> _What the exercise asks_
Word for word, restate the entries below, but exclude the images.

** Supplied material follows **

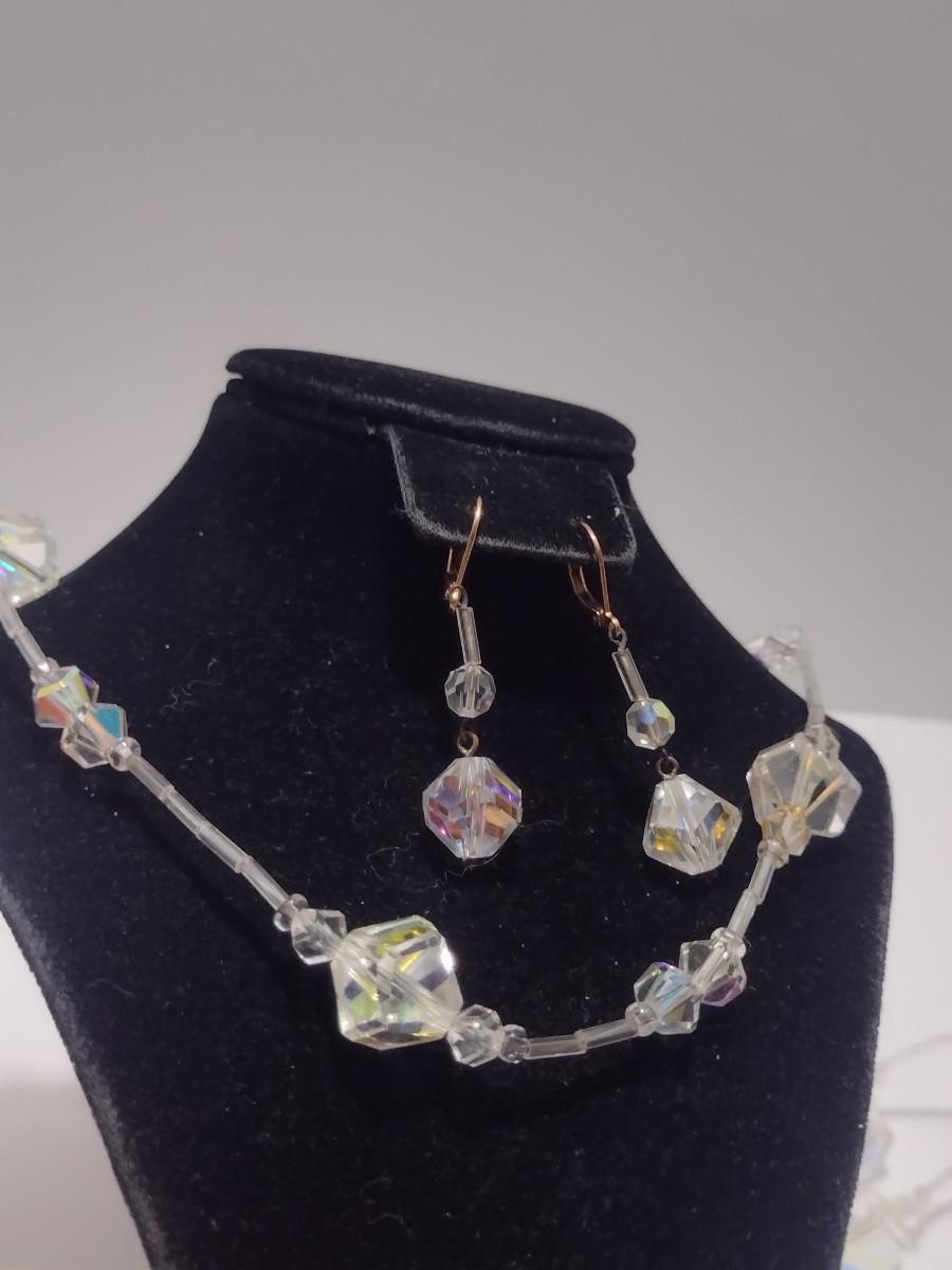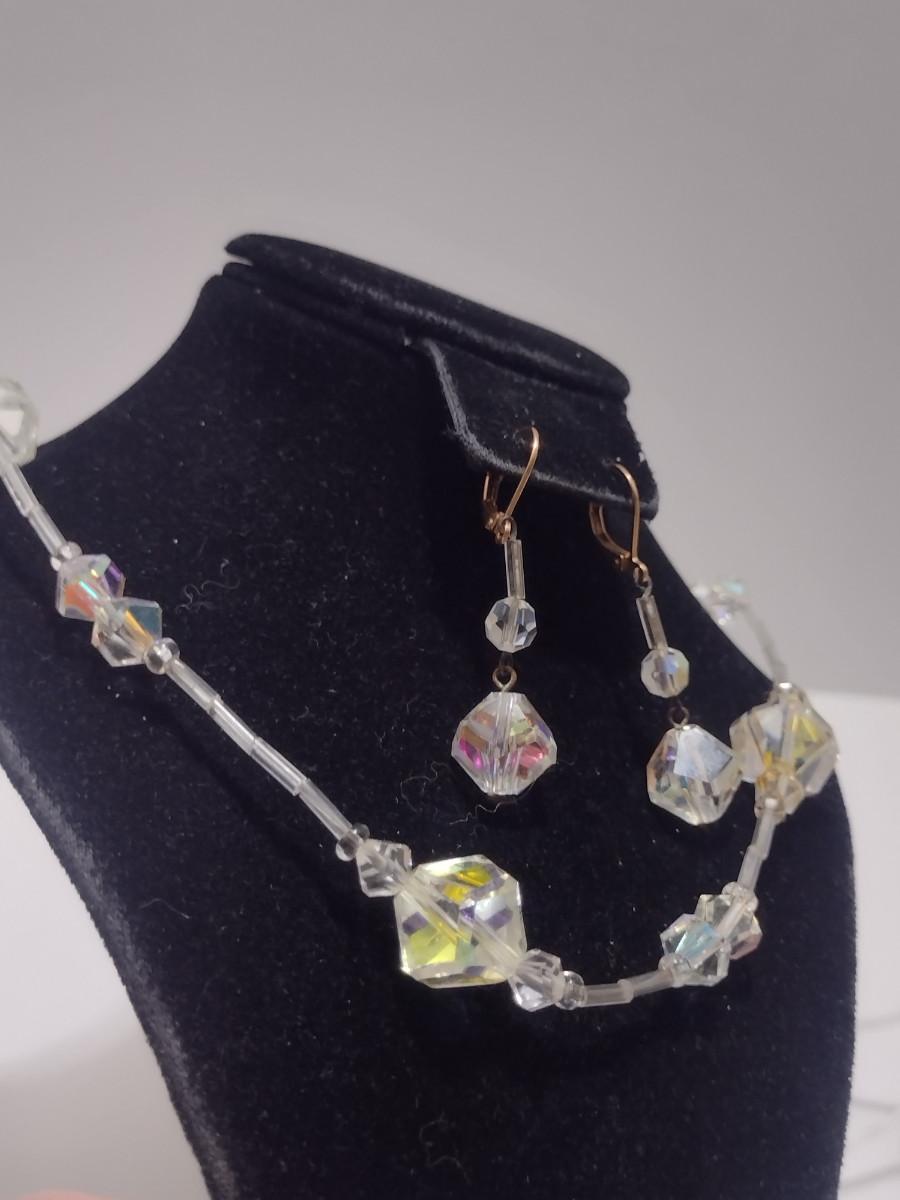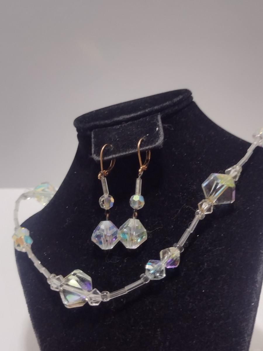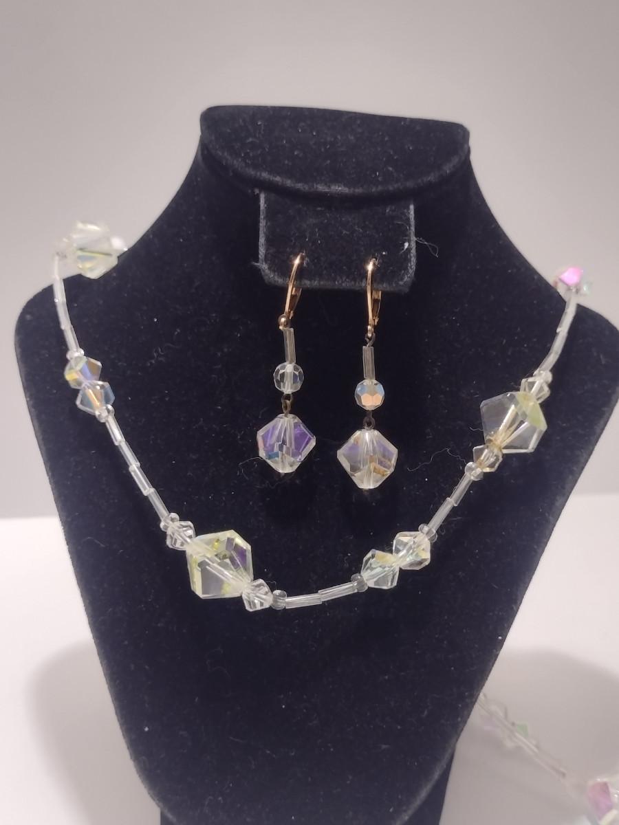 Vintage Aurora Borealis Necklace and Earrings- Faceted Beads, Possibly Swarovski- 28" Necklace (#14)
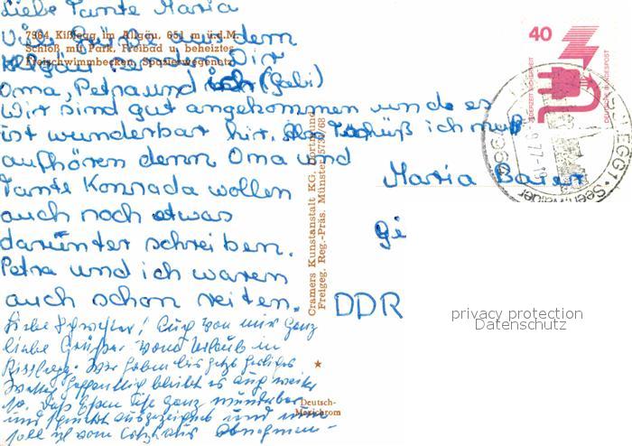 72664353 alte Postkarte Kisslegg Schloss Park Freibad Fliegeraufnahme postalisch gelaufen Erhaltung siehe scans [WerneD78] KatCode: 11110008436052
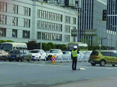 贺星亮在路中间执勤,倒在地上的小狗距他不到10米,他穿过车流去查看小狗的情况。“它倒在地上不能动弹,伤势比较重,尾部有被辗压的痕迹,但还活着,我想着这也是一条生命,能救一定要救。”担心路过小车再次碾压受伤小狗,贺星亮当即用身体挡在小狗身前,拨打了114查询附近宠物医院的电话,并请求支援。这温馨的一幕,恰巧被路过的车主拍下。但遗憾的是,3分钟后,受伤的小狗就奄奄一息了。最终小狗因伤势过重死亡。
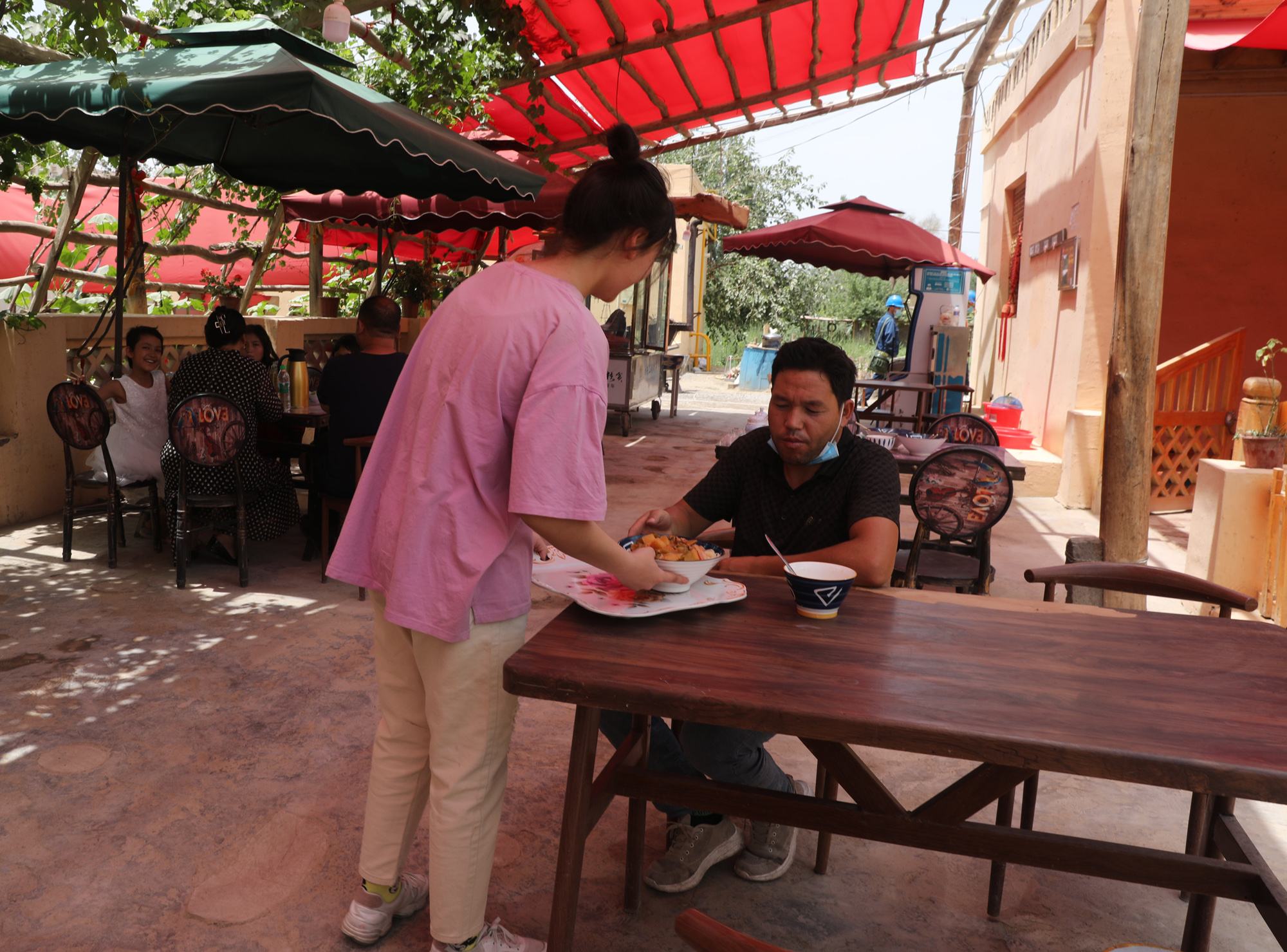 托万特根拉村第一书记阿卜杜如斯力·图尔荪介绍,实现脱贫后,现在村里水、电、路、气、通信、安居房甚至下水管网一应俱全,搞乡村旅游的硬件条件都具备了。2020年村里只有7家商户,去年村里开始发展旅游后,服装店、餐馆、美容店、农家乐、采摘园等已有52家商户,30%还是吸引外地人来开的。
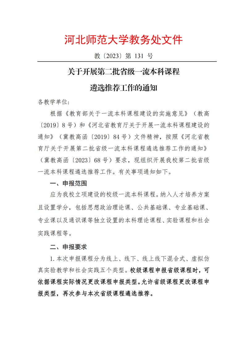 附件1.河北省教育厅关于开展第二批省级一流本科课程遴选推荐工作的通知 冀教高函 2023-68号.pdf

** End of Supplied material **

> _Answer below_
 Vintage Aurora Borealis Necklace and Earrings- Faceted Beads, Possibly Swarovski- 28" Necklace (#14)
 72664353 alte Postkarte Kisslegg Schloss Park Freibad Fliegeraufnahme postalisch gelaufen Erhaltung siehe scans [WerneD78] KatCode: 11110008436052
 贺星亮在路中间执勤,倒在地上的小狗距他不到10米,他穿过车流去查看小狗的情况。“它倒在地上不能动弹,伤势比较重,尾部有被辗压的痕迹,但还活着,我想着这也是一条生命,能救一定要救。”担心路过小车再次碾压受伤小狗,贺星亮当即用身体挡在小狗身前,拨打了114查询附近宠物医院的电话,并请求支援。这温馨的一幕,恰巧被路过的车主拍下。但遗憾的是,3分钟后,受伤的小狗就奄奄一息了。最终小狗因伤势过重死亡。
 托万特根拉村第一书记阿卜杜如斯力·图尔荪介绍,实现脱贫后,现在村里水、电、路、气、通信、安居房甚至下水管网一应俱全,搞乡村旅游的硬件条件都具备了。2020年村里只有7家商户,去年村里开始发展旅游后,服装店、餐馆、美容店、农家乐、采摘园等已有52家商户,30%还是吸引外地人来开的。
 附件1.河北省教育厅关于开展第二批省级一流本科课程遴选推荐工作的通知 冀教高函 2023-68号.pdf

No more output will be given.